So in this example I want to find the extension produced in the spring. The two methods are given in the image.( First one is by force method and the other one is energy method). The two yield different results. Where did I commit the mistake? In the second method I have assumed that kinetic energy of the block is zero as it is slowly released, not suddenly.
Your force method give you the point where the net force on the body is zero, or in other words, the equilibrium point. Whereas, the energy method gives you the point where the velocity of the block is zero. Note that $v=0\nRightarrow a=0$. In other words, zero velocity doesn't imply zero acceleration, and thus zero velocity doesn't imply zero force (because $F=ma$). So both the locations, the location of zero force/acceleration and the location of zero velocity, are different, and so you get different answers from both your methods.

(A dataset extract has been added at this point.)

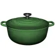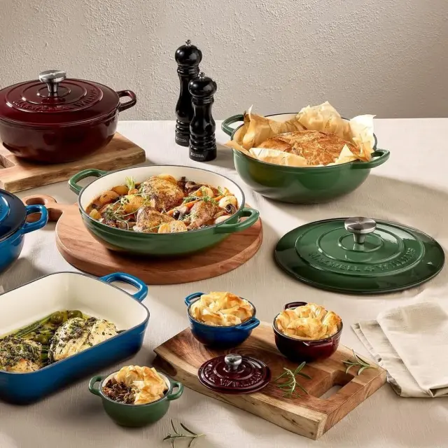 Posoda iz litega železa Maxwell & Williams združuje brezčasno eleganco in vrhunsko funkcionalnost, ki navduši tako pri kuhanju kot pri postrežbi. Izdelana je iz kakovostnega avstralskega litega železa, ki zagotavlja izjemno zadrževanje toplote in enakomerno porazdelitev, njena emajlirana notranjost pa omogoča enostavno čiščenje ter preprečuje prijemanje hrane. Zasnovana je za vsestransko uporabo – primerna za vse vrste kuhalnih površin, vključno z indukcijo, ter za uporabo v pečici (do 200 °C) in neposredno na mizi. Tesno prilegajoč se pokrov s kondenzacijskimi vozlički poskrbi, da se vlaga enakomerno vrača nazaj na jed, kar ohranja sočnost, bogat okus in popolno teksturo vsakega obroka. Model English Racing Green s premerom 28 cm in prostornino 6,2 l je idealen za pripravo enolončnic, pečenk in drugih počasi kuhanih jedi. Zelen odtenek doda kuhinji pridih prefinjenosti, hkrati pa trpežna izdelava zagotavlja dolgo življenjsko dobo. Posoda je zapakirana v lični darilni škatli, zato je odlična izbira za darilo ali razvajanje domače kuhinje. Ni primerna za uporabo v mikrovalovni pečici in pomivanje v pomivalnem stroju. Pri prenašanju posode vedno uporabite debelo kuhinjsko krpo ali kuhinjske rokavice.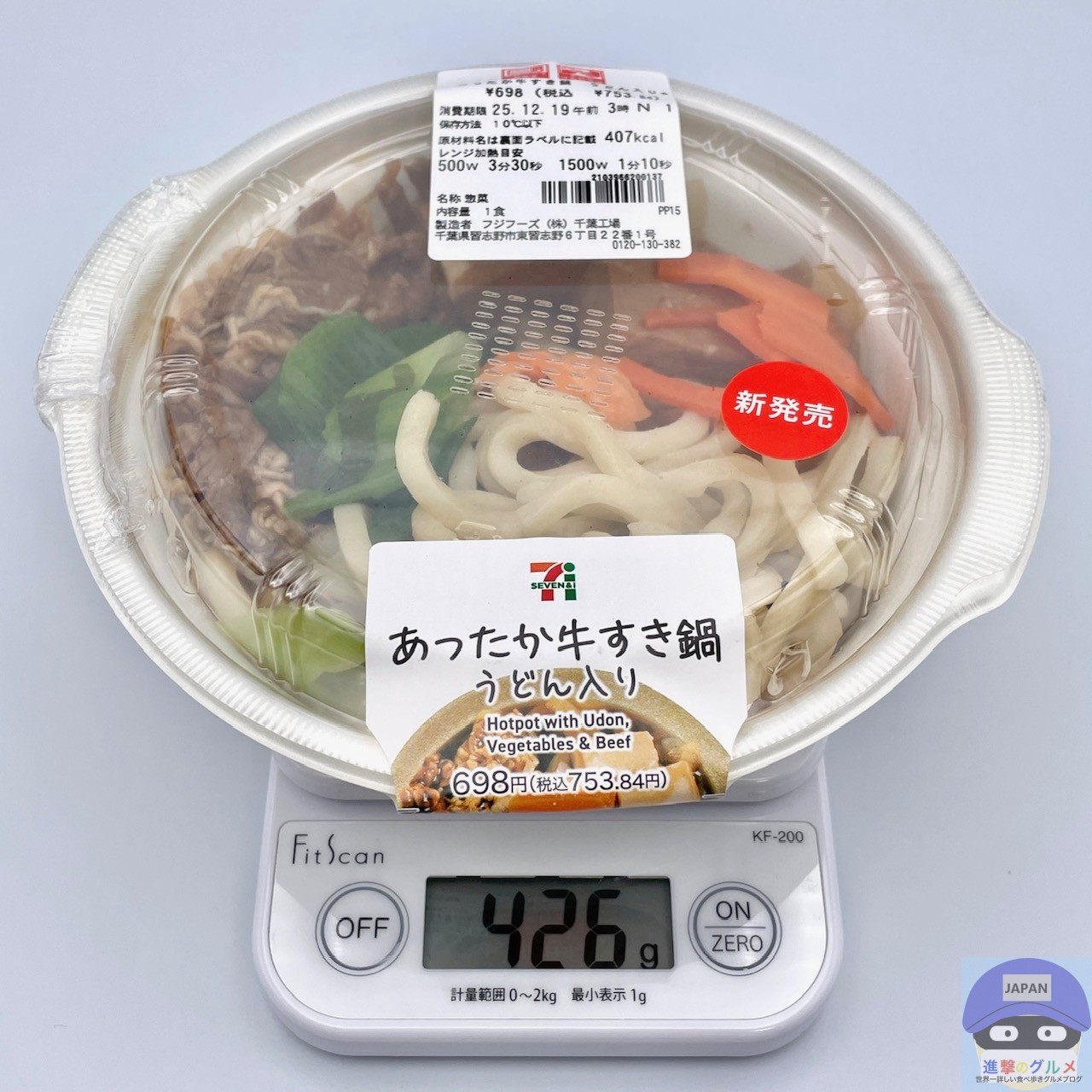 カロリーは407kcal、重さは容器を含めて426gです。

The factor of two can be explained by the symmetric nature of the force about the equilibrium point. In this case the force is symmetric because of its linearity ($F\propto x$). So the journey from the start to the equilibrium position is just the reversed version of the journey from the equilibrium position to rest again, which implies the equilibrium point is exactly in the middle of the two extremes.
In case you're curious, the block, once left, will undergo simple harmonic motion (of course, we are neglecting resistive forces like air drag or friction) which is a special type of oscillatory motion. The following GIF gives a nice intuition of this kind of motion:
GIF Source, you can yourself try out the simulation there.
In general, when both gravity and spring force do work, conservation of mechanical energy gives: $$ K+U_{grav}+U_{spring}=k $$ However, in our case,there is also work that your hand does on the block while you try to maintain equilibrium (as the block gradually stretches the spring). And this is where your problem started. You failed to realize in this case, that your hand also contributes to the work done on the block. It's not only gravity and spring force that do work on the block while you carefully lay it down; your hand too does work on it. If we represent this work that your hand does as $W_{ other}$ then the energy equation would include this external work (generally called work done by other non-conservative forces) and the expression becomes: $$ K_1+U_{1\,grav}+ U_{1\, spring}+W_{ other}=K_2+ U_{2\, grav}+ U_{2\, spring} $$ Since both $K_1\, and\, K_2$ are zero, and taking the origin as the initial length of the spring, the equation reduces to: $$ W_{ other}=-mgh+\frac{1}{2}kh^2 $$ In truth, this is all we can write about the motion of the block if we use energy methods. We can go ahead to solve $W_{other}$ for the force you apply since we know $h$ from Hooke's law. Solving for $W_{other}$ and substituting $h=\frac{1}{k}mg$ $$ \begin{align} W_{other}&=h\left(\frac{1}{2}kh-mg\right)\\W_{other}&=h\left(-\frac{1}{2}mg\right)\\\therefore W_{other}&=-\frac{1}{2}mgh \end{align} $$ Provided the block is at equilibrium at each displacement,the work that you do is exactly half the work that gravity does and is always constant.